In a large cohort of Caucasians with chronic hepatitis B treated with entecavir (ETV) or tenofovir disoproxil fumarate (TDF) monotherapy, cumulative rates of hepatocellular carcinoma did not differ (up to 12 years). Nor did rates of biochemical/virological remission, HBsAg loss and liver transplantation or death. However, elastographic reversion of cirrhosis at year 5 was more frequent in TDF- than ETV-treated patients with pretreatment cirrhosis.

摘要

背景与目的

最近一项针对亚洲慢性乙型肝炎(CHB)患者的研究报告称,替诺福韦酯(TDF)治疗患者的肝细胞癌(HCC)发生率低于恩替卡韦(ETV)治疗患者,但这一发现仍存在争议。

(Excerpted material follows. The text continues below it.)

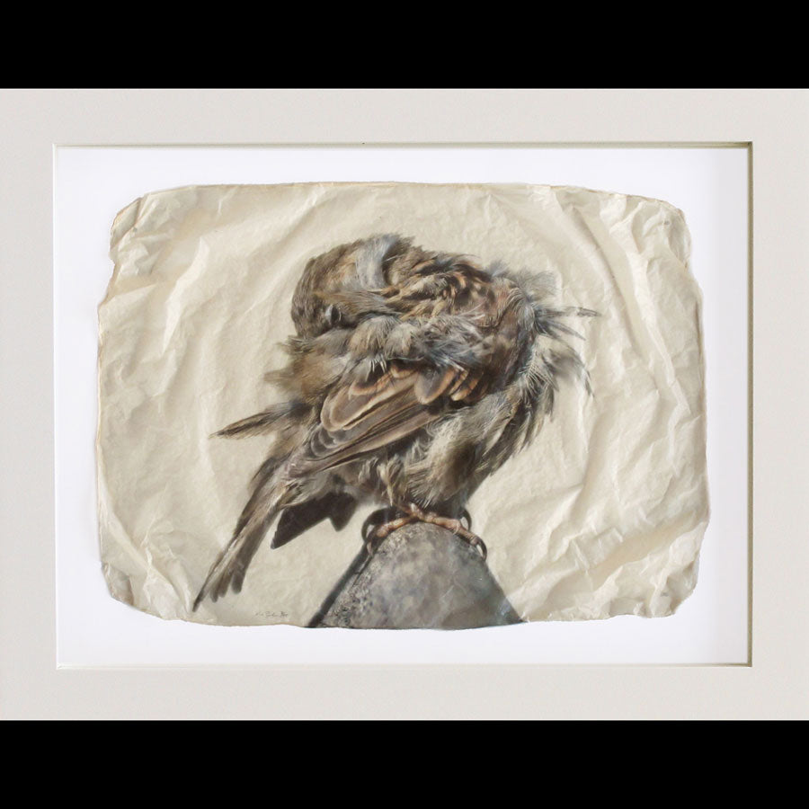 This is created in Zaluzec's signature "Gampi" medium. After editing the background out of the image, Zaluzec prints two versions of the image. He overlays the images with a slow-drying adhesive and allows them to dry, shrink and create ridges. He further modifies the papers to create the final image, before custom-framing each piece. Each image comes in editions of 45 and is available in two sizes. Every Pete Zaluzec image is custom framed in black, off-white or barnwood.

我们旨在确定在经过良好监测的、多中心的欧洲 PAGE-B 队列中,接受 TDF 或 ETV 治疗的患者之间 HCC 发生率或其他患者结局是否存在差异。

方法

我们纳入了 1935 名接受 ETV(n=772)或 TDF(n=1163)单药治疗的 CHB 白人患者,无论是否伴有代偿性肝硬化。ETV/TDF 起始后的中位随访时间为 7.1±3.0 年。

结果

ETV 组和 TDF 组患者的 5 年 HCC 累积发生率分别为 5.4%和 6.0%(对数秩检验,p=0.321),各患者亚组(伴或不伴肝硬化、初治或经治口服抗病毒药物[总人群,伴或不伴肝硬化])之间无显著差异。多变量 Cox 回归分析显示,调整多个 HCC 风险因素后,ETV 组和 TDF 组患者 HCC 的发生风险相似。ETV 组和 TDF 组患者治疗期间的生化和病毒学缓解率、HBsAg 丢失率、肝移植率和/或死亡率相似。在有预处理肝硬化的 347 例患者中,5 年时弹性成像逆转肝硬化(肝脏硬度<12kPa)的比例为 245/347(70.6%),TDF 组高于 ETV 组(73.8% vs. 61.5%,p=0.038)。

结论

在白人 CHB 患者中,无论是否伴有肝硬化,长期应用 ETV 或 TDF 单药治疗与 HCC 风险相似,生化/病毒学缓解率、HBsAg 丢失率以及肝移植或死亡的发生率也相似,但 TDF 组 5 年时肝硬化的弹性成像逆转率更高。

说明

在一项纳入接受恩替卡韦(ETV)或替诺福韦酯(TDF)单药治疗的白人慢性乙型肝炎(CHB)患者的大型队列研究中,直至 12 年,HCC 的累积发生率无差异。生化/病毒学缓解率、HBsAg 丢失率以及肝移植或死亡的发生率也无差异。然而,在有预处理肝硬化的患者中,TDF 组肝硬化的弹性成像逆转率高于 ETV 组。